What you should do: Below are some records; quote exactly the lines from the one that contains "Picture credits: Gujjar" through the one that contains "However, reservations must", inclusive, and no others.

Stored items:
== == ==

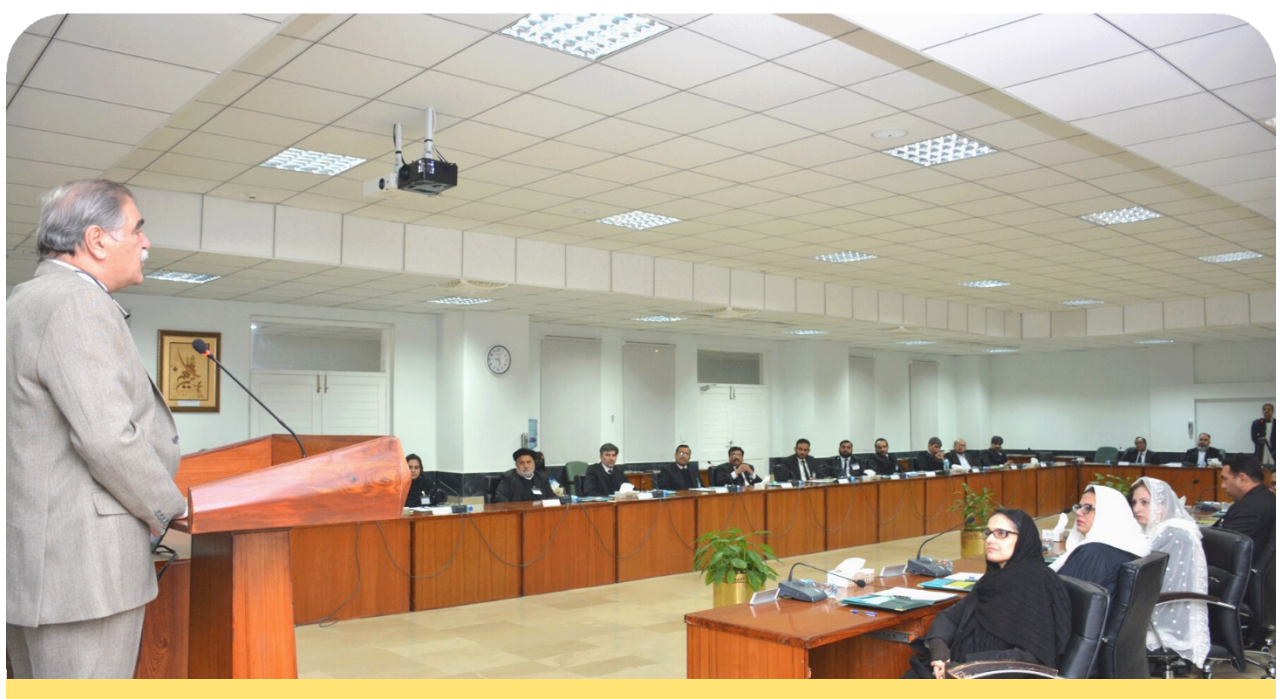
DG, FJA addressing the inaugural session of the course

The participants shared that the training will help them avoid common mistakes during trial proceedings, which include errors in evidence collection, failure to adhere to rules and procedures, and misinterpretation of legal concepts.
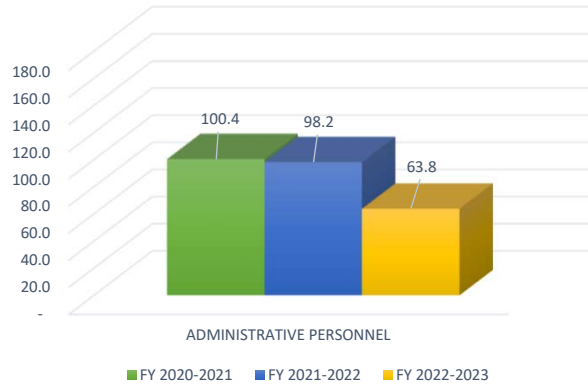
RATIO OF FULL-TIME EQUIVALENT STUDENTS TO FULL-TIME EQUIVALENT ADMINISTRATIVE PERSONNEL
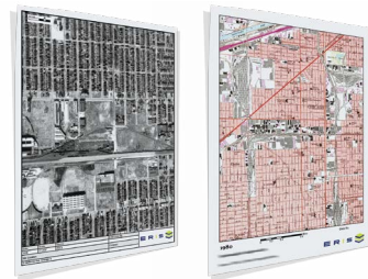
Historical Aerial Photographs and a current Topographic Map
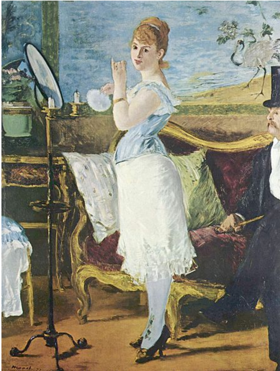
Figure 7-- Manet's Nana (1877)
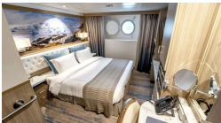
Balcony Stateroom - A Balcony Stateroom - B
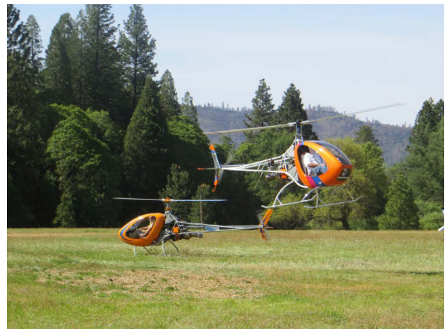
Helicopter Fly In at the Miller Ranch
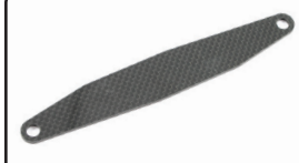
FTX6354 – FTX VANTAGE BATTERY COVER (CARBON) (1PC)
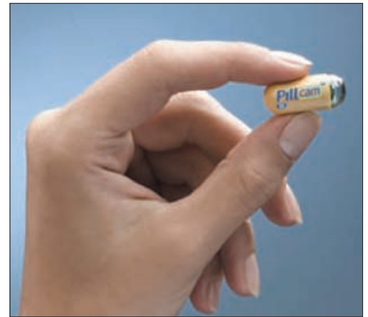
Given Imaging Pill-cam, the smallest camera (you can swallow it) made in Israel.
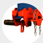
TYPE A TROLLEY 500 SERIES Pag. 22
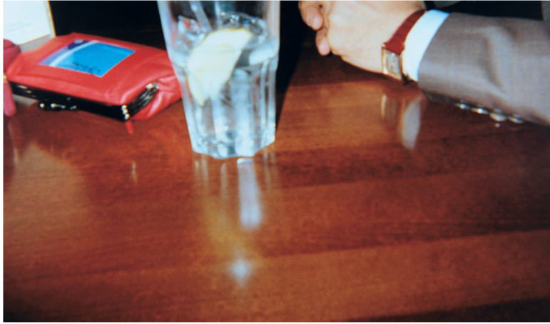
Natasha Caruana, Tiger Tiger, 2008-09. C-type photograph 16 x 20 in, edition of 5.
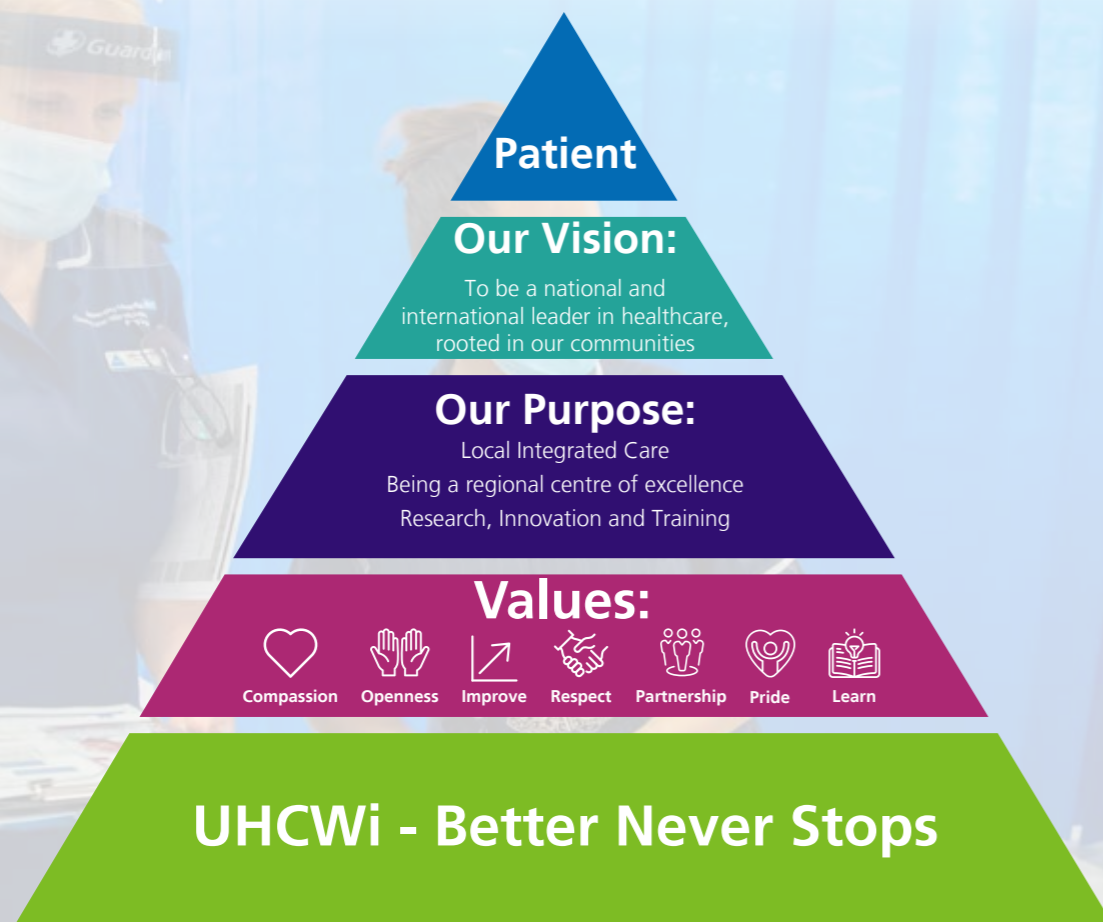
Fig. 2.1 Our strategic triangle

Our commitment to improvement through the use of our UHCWi methodology continues driving us forward as an organisation as we know "better never stops".
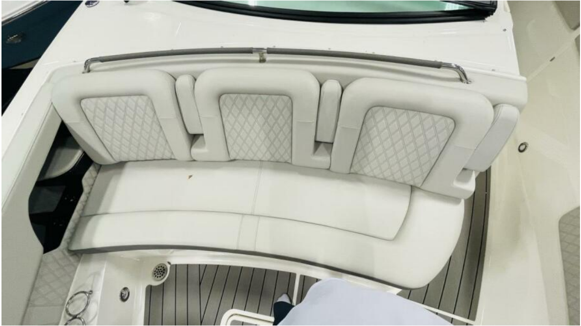
Sea Ray 400 SLX
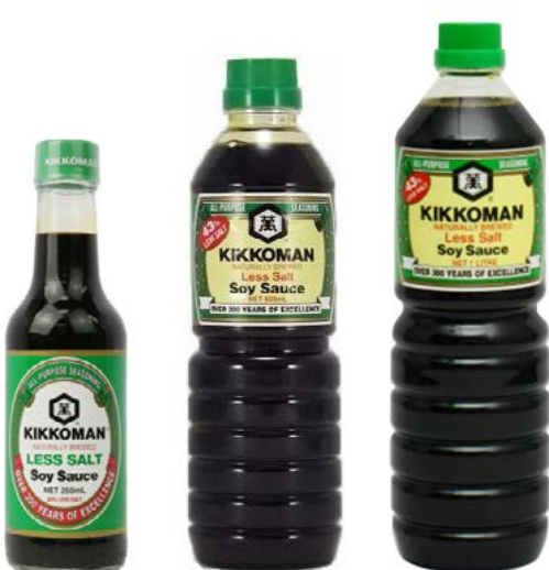
KIKKOMAN Soy Sauce Less Salt 250mL / 600mL / 1L

Kikkoman's gluten free soy sauce is naturally brewed and consists only of water, rice, salt, and soybeans.
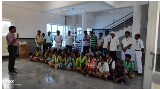
Swachh samvad BHC
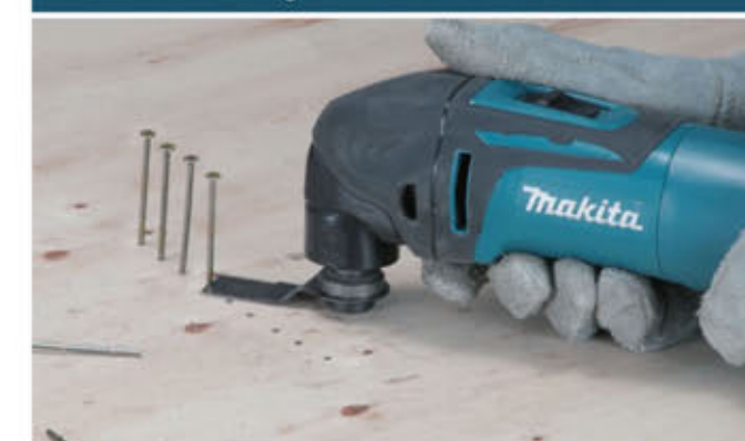
Flush cutting of nails
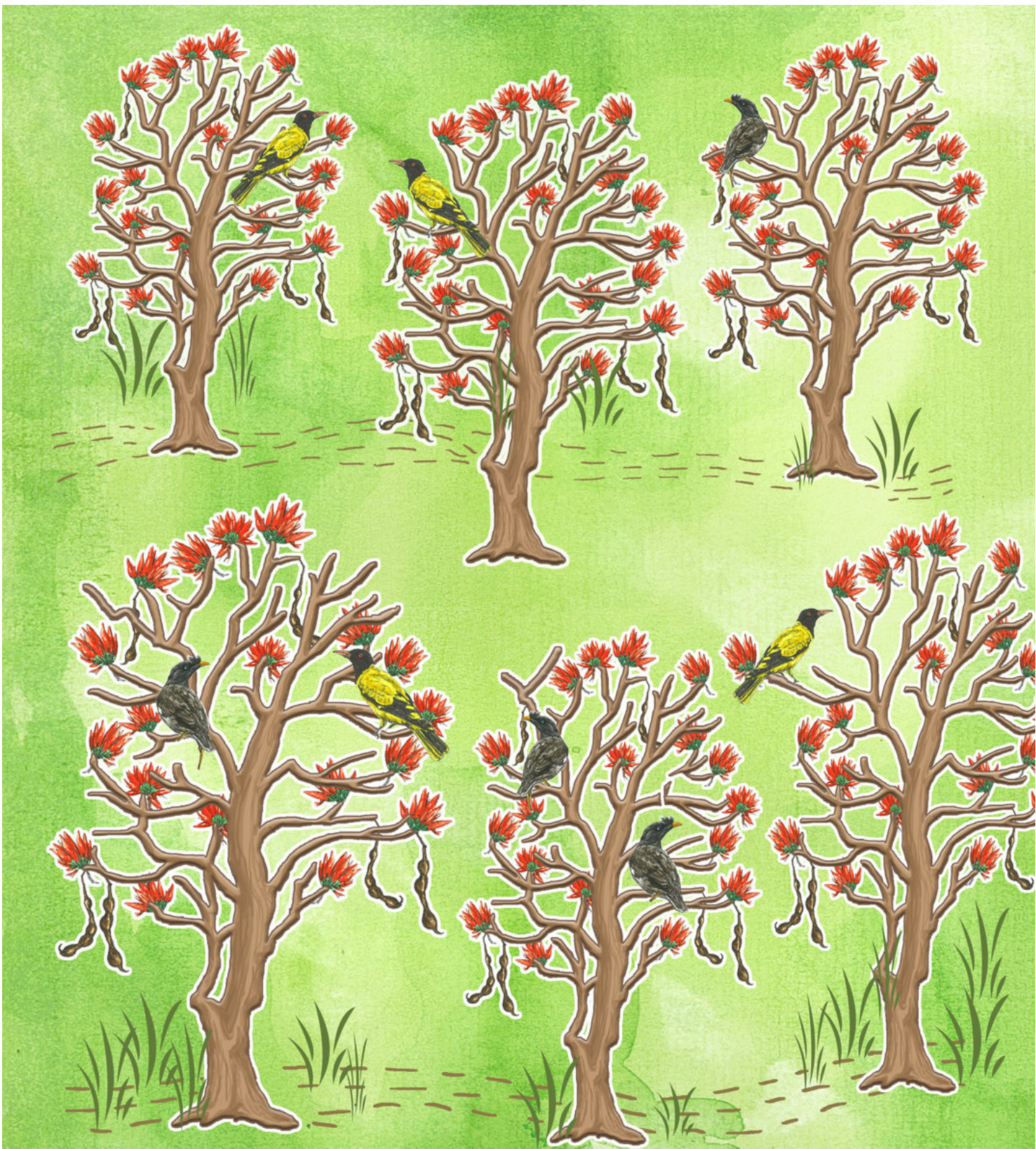
SIX Coral trees beside a farmland, Crimson blossoms to attract many birds.
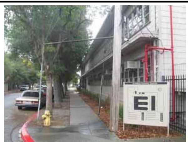
Southerly view of McKay Avenue, existing improvements, and a secondary gate and access identified as Cressy Drive.
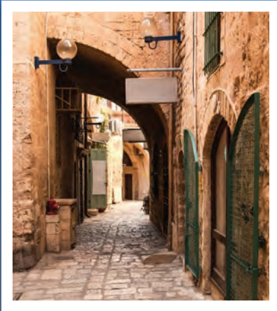
Old City Jerusalem
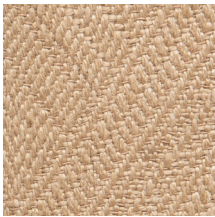
05 DESERT CAMEL
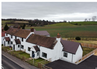
3 Ackleton Meadows, Stableford, Bridgnorth
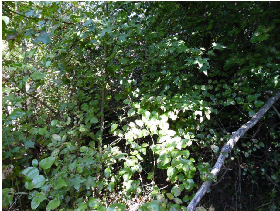
Upland data point wsol029_u facing north
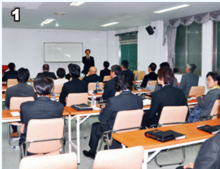
1. Spiritual Training of Japanese Pastors
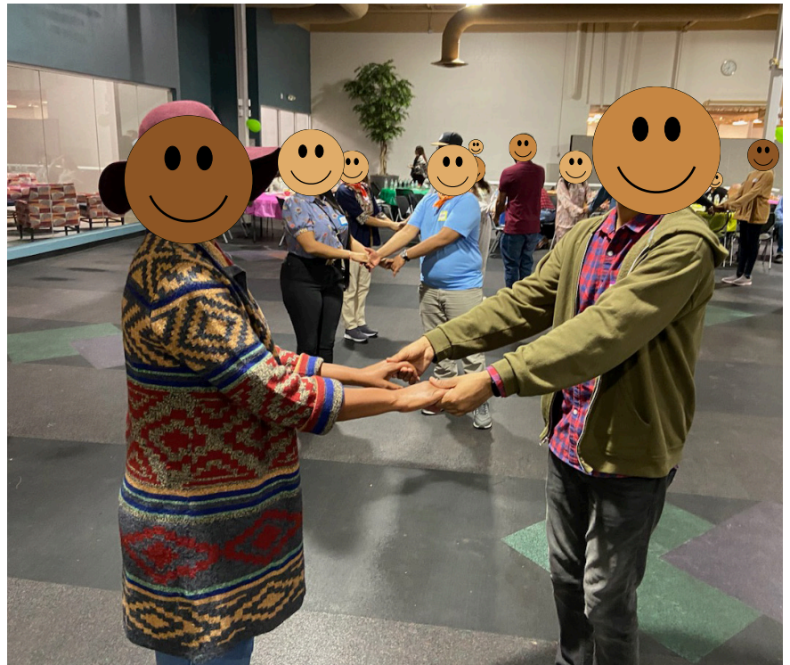
International students learn to square dance.
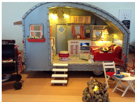
Sue's travel trailer
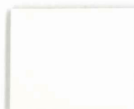
CPN111 Bright White
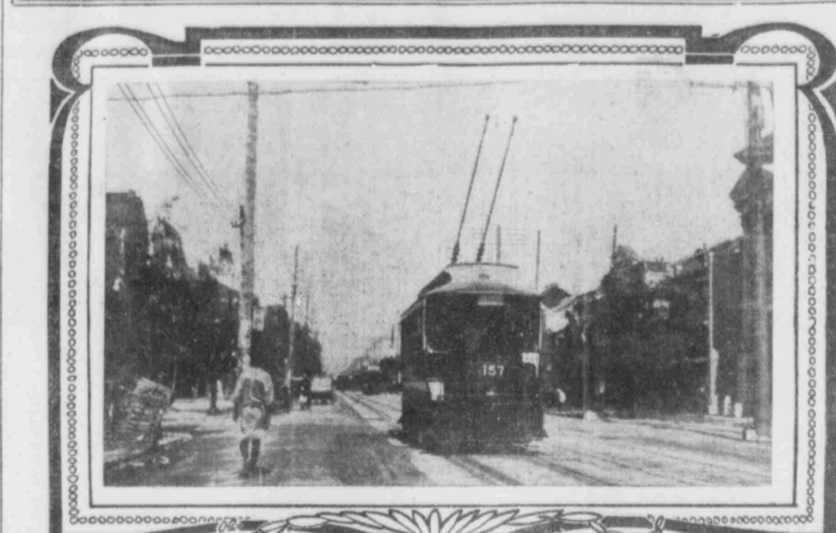
JAPAN HAS ELECTRIC CARS WITH TWO-CENT FARES.

Japan is Worth Twelve Billion Dollars—It Owes 1,000 Millions and Spends a Million a Day—A Little About the Wealth of the Country and the People—Banks and Stock Companies Which Pay Dividends—Eight Million Postal Savings Depositors—The New Electric Roads and the Government Railways Whose Rates Are One Cent a Mile—Ship Subsidies Which Pay—Hard Times and the Taxes—Government Monopolies, Etc.
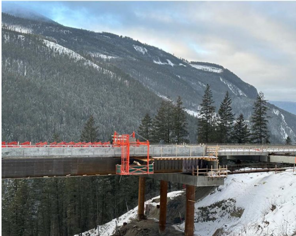
Figure 1: Blackwall Bridge - Overhang formwork removal ongoing – January 30, 2023
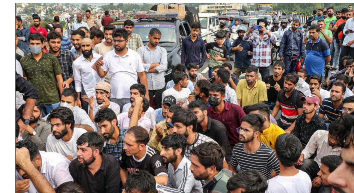
Picture credits: Gujjar and Bakerwal students protest against the introduction of the Bill granting reservation to Pahari people in Scheduled Tribe (ST) category in Jammu and Kashmir, in Jammu on July 28, 2023. File

However, reservations must be implemented thoughtfully, accompanied by measures such as skill development, digital accessibility,
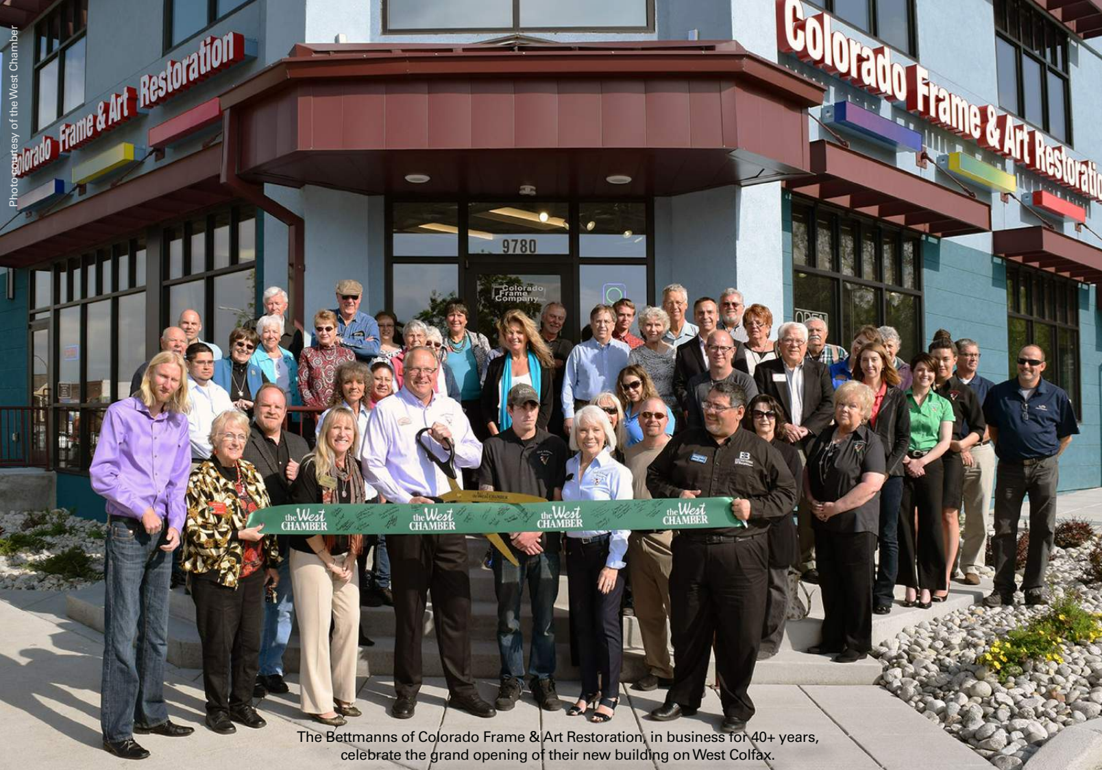
The Bettmanns of Colorado Frame & Art Restoration, in business for 40+ years, celebrate the grand opening of their new building on West Colfax.
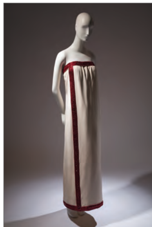
YSL, evening dress, fall/winter 1965-66, France.
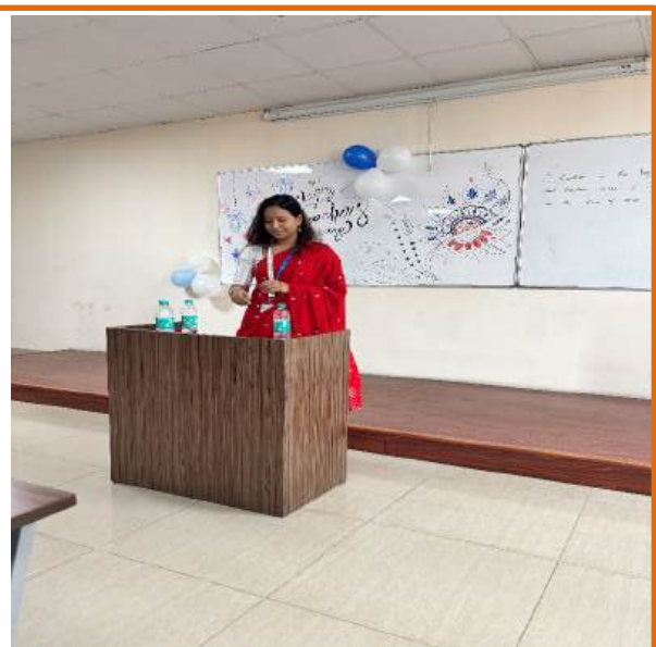
Glimpses of Faculty Participation at the Teacher's Day Celebration

== == ==

Finished task:
Picture credits: Gujjar and Bakerwal students protest against the introduction of the Bill granting reservation to Pahari people in Scheduled Tribe (ST) category in Jammu and Kashmir, in Jammu on July 28, 2023. File

However, reservations must be implemented thoughtfully, accompanied by measures such as skill development, digital accessibility,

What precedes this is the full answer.